Speaker
Description
Interaction vertex imaging in an imaging method relying on detection of secondary particles created by beam interactions in the target. This method is believed to be viable for tracking dose deposition in patients undergoing heavy-ion radiotherapy. We investigated the impact of two key reconstruction algorithms on image accuracy: a single-particle-and-beam method, as proposed by previous work, and a triangulation approach believed to achieve greater accuracy than previously-examined techniques. Using Geant4, we simulated fragmentation and secondary particle production by a 145 MeV/u 12C beam with Gaussian distribution (FWHM = 5mm) in a water target, collecting data on particles exiting in a forward direction using thin silicon detectors. The best vertex accuracy was observed using triangulation reconstruction with the incoming beam and two coincident secondary particles.

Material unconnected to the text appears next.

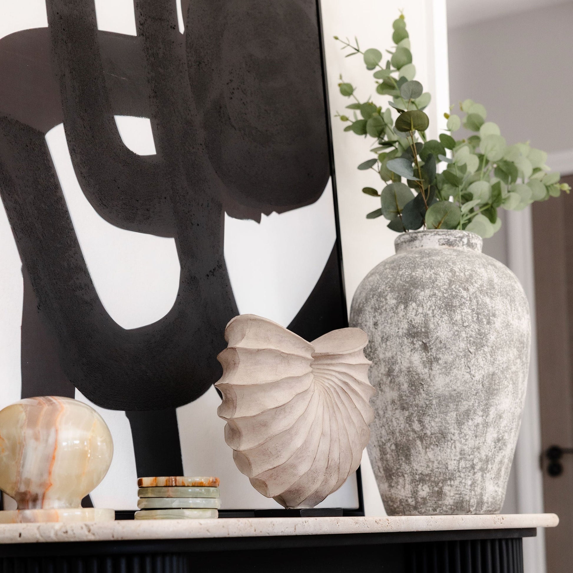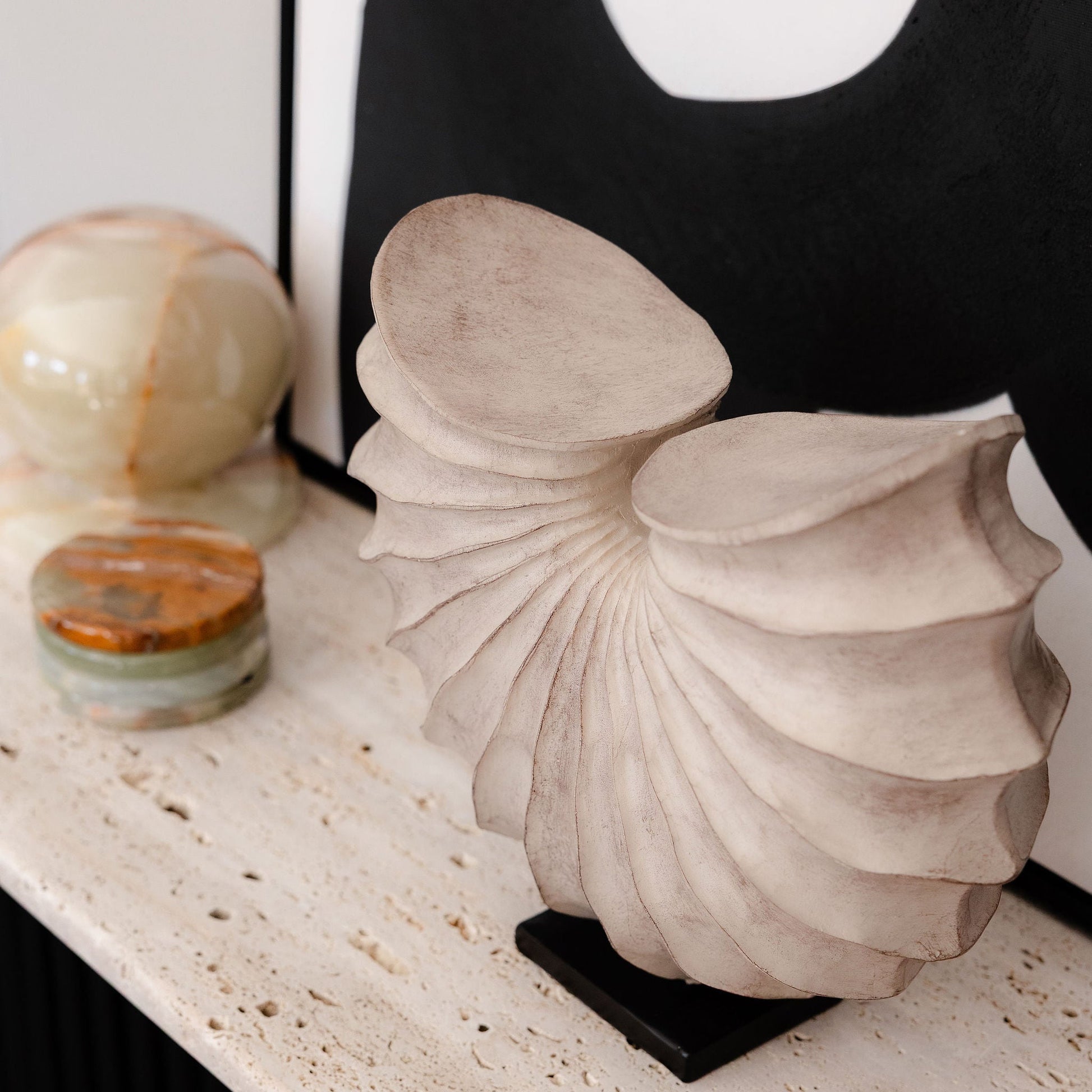 Unveil the essence of the ocean's beauty with this shell sculpture, a stunning piece that brings a serene and timeless beauty of the sea into your home. with dimensions of H27cm x W32cm x D12cm , this sculpture is a captive presence in any room.

Accuracy was further improved by considering only particles detected more than 45 degrees from the beam axis, and with incident energy above 40 MeV for use in the reconstruction algorithm. Under these criteria, reconstructed vertices displayed an error of just over 2mm, with close to 90% directly corresponding to beam interactions in the target. Recent developments include further improvements in accuracy using narrower beams (FWHM = 1mm), and implementation of a human phantom in Geant4 based on CT scan data, in preparation for testing in more medically-relevant scenarios.